Incluso en esos documentos se les cita como sospechosos de estar preparando
algún tipo de atentado. La razón es que muy probablemente se sabía todo antes,
y se conocía cómo iba a gestionarse la versión oficial.
¿Cree
usted que lo ocurrido fue debido a que hubo una total descoordinación entre las
fuerzas de seguridad estadounidenses, o que hay algo más detrás?
No, descoordinación no hubo, aunque el gobierno
americano ha sido muy ágil a la hora de hacernos creer que detrás de todo
aquello hubo una monstruosa negligencia de los servicios secretos. Pero a tenor
de las pistas que se han conocido y de muchas de las informaciones que he
manejado, no hay otra posibilidad que pensar que más que negligencia hubo
omisión deliberada de acción por parte de las fuerzas de seguridad.
¿Se
pudieron haber evitado los atentados del 11-S?
Pudieron haberse evitado, pero no interesó en
ningún momento. Y es que los atentados del 11-S han sido la excusa perfecta, la
justificación idónea, que ese sector siniestro del poder necesitaba para poner
en marcha una serie de planes establecidos con anterioridad a nivel militar, político
y económico.
Supongamos
que la versión que tenemos de los atentados del 11-S no fue la verdad, y que lo
que usted apunta en su libro tiene más verosimilitud. ¿Por qué se cometió
semejante barbarie? ¿Alguien sacaría beneficio con ello? Y si así fuese,
¿quién?
La lista de personas, instituciones y empresas
beneficiados del 11-S es más larga y extensa que la lista de víctimas directas
de los atentados.
Ese pudo ser el objetivo de la barbarie: obtener
unos dividendos tan amplios como espantosos. Empresas armamentísticas y
petrolíferas por un lado, sociedades de capital de riesgo por otro,
constructoras y empresas de servicios dispuestas a entrar en nuevos mercados
públicos como el de Irak, que se ha convertido en la mayor oportunidad
financiara a muchos niveles desde la Segunda Guerra Mundial, etc. Lo grave es
que cuando investigas quienes están detrás de esos beneficios, descubres que
son los mismos que dirigen los hilos de la política norteamericana, bien desde
el poder electo, bien desde la sombra. Basta con mirar las cuentas de algunas
de esas empresas.
¿Ejemplos? Muchos. Veamos: Halliburton es una
empresa de la que fue máximo mandamás el actual vicepresidente de EEUU. A esta
empresa se le han entregado contratas multimillonarias para la reconstrucción
de Irak, para el desarrollo de infraestructuras petrolíferas en Asia Central y
Oriente Medio, o para la ampliación física de la base de Guantánamo, en donde
se hacinan los presos capturados por EEUU. ¿Más casos? Lockhed Martin, empresa
armamentística que desde el 11-S y casi diariamente reciben contratos por
millones de dólares que le entrega el Gobierno para desarrollar nuevas armas o
para entregar al Ejército nuevos sistemas.

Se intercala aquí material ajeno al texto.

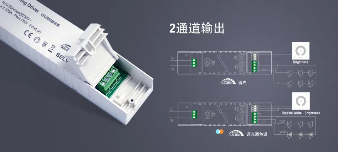 歐切斯0/1-10V調(diào)光調(diào)色溫電源均為2通道恒壓/恒流輸出,支持單路和多路帶載,調(diào)節(jié)燈具亮度和色溫,輕松應(yīng)對各種場景,智造智能燈光效果。
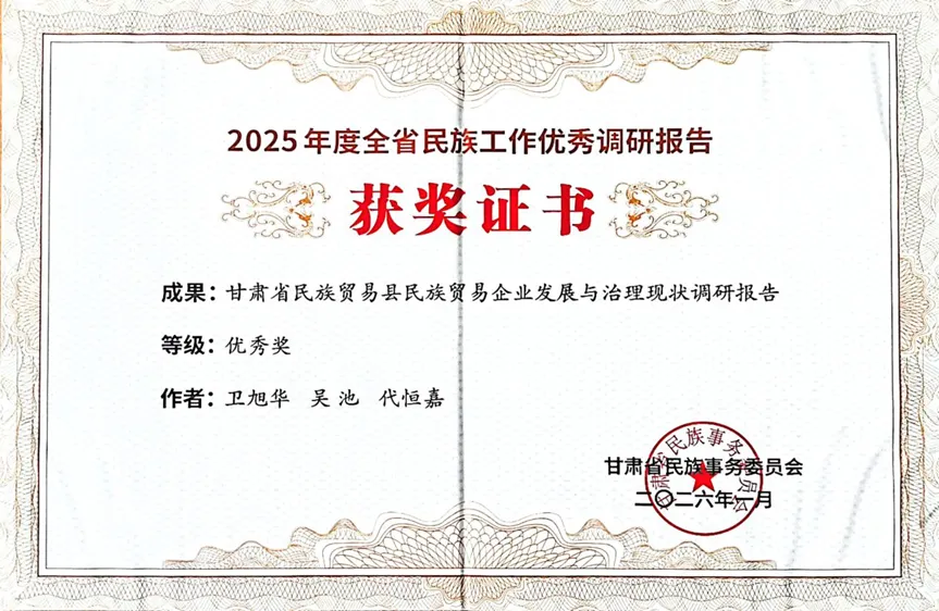 近年来,我院持续关注民族地区经济社会发展与治理问题,积极组织开展相关领域的调查研究,形成了一批具有重要决策参考价值的研究成果。我院报送的调研成果先后获评全国民族工作优秀调研报告和甘肃省民族工作优秀调研报告,充分展现了学院在民族地区治理研究方面的学术积累以及服务国家战略和地方发展的能力。
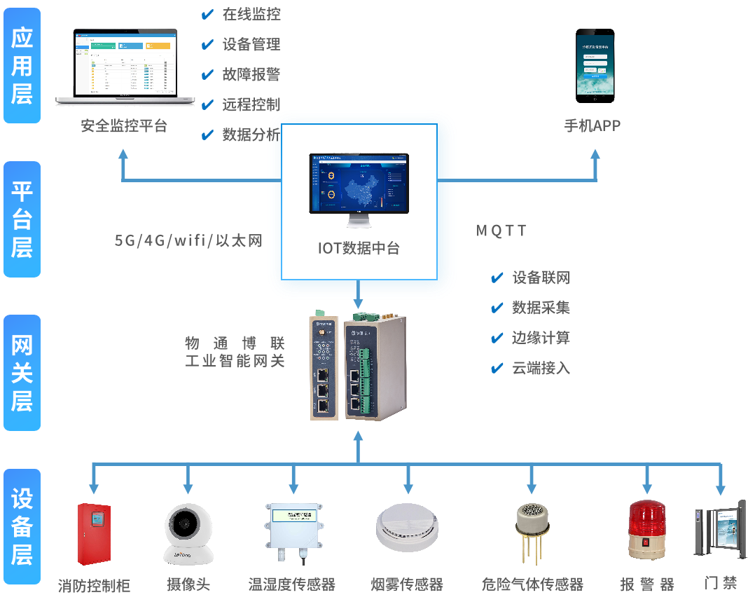實(shí)現(xiàn)對溫度、壓力、流量、可燃?xì)怏w濃度及消防設(shè)備開關(guān)狀態(tài)等信息進(jìn)行可視化展示,并通過手機(jī)端電腦端對設(shè)備數(shù)據(jù)進(jìn)行實(shí)時監(jiān)控、管理與分析,及時捕捉到潛在的安全隱患,如燃?xì)庑孤毫Ξ惓5取?/span>
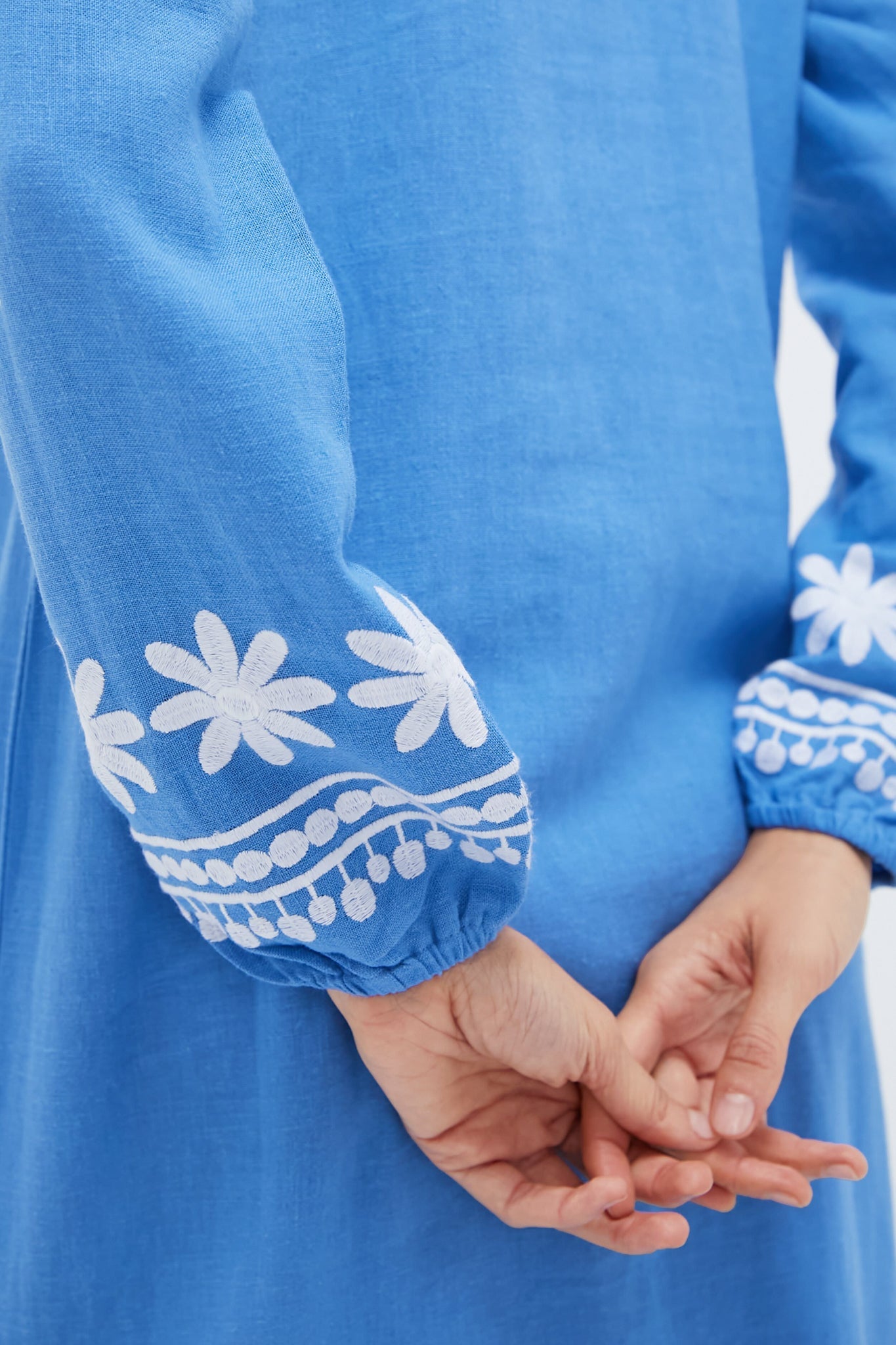 The Marina and White Embroidered Caftan will give your wardrobe the ultimate resort treatment. Featuring intricate embroidery, elastic cinched cuffs, and side slits for easy movement, this effortless silhouette is perfect for throwing on over a bathing suit with sandals to meet up with friends or paired with wedges and a clutch for an afternoon lunch date!
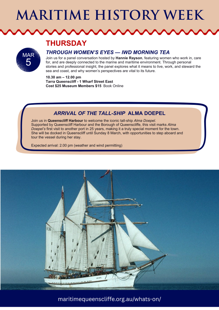 Join us in Queenscliff Harbour to welcome the iconic tall-ship Alma Doepel.
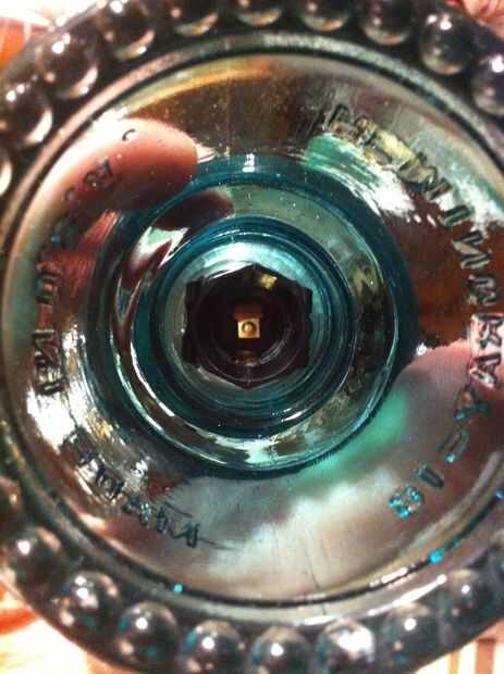 Ahora fije su zócalo de candelabros base para el vidrio aislador y pase los cables por el agujero que ha perforado. Que encolarla con epoxy o caliente pegamento si lo desea. Compré uno que tenía una especie de resorte lengüetas en los lados para mantenerla en su lugar.

Luego descubres que esta empresa financió parte de
la campaña electoral de Bush y que ha sido la impulsora de la oposición
política al régimen de Saddam.
Así, tantas y tantas empresas que da horror pensar
lo bien que les vino el 11-S. Todo es más grave cuando descubres que el poder
norteamericano pareció facilitar cuando o impulsar aquellos actos.
Si todo
fuese tal y como usted cree y refleja en su libro, hay algo que no entiendo
bien, y qué pinta en todo esto la figura del terrorista saudita Osamma Bin
Laden.
La de gran aliado. Bin Laden y Bush, sus familias
especialmente, son aliados desde hace décadas. Tienen negocios en común que se
mantuvieron incluso después del 11-S. No sé si ese papel lo ha jugado de forma
consciente o no Bin Laden, pero lo que sí sabemos es que toda su parafernalia
americana no es más que retórica y que sus llamadas a la guerra santa y a
atentar contra EEUU no han sido seguidas por nadie.
Se ha sobredimensionado la capacidad de Al Qaeda y
la del propio Bin Laden, quien fue en enlace de la CIA en Afganistán durante
los años ochenta.
Por
cierto, ¿cómo es que aún no se ha podido detener a este terrorista?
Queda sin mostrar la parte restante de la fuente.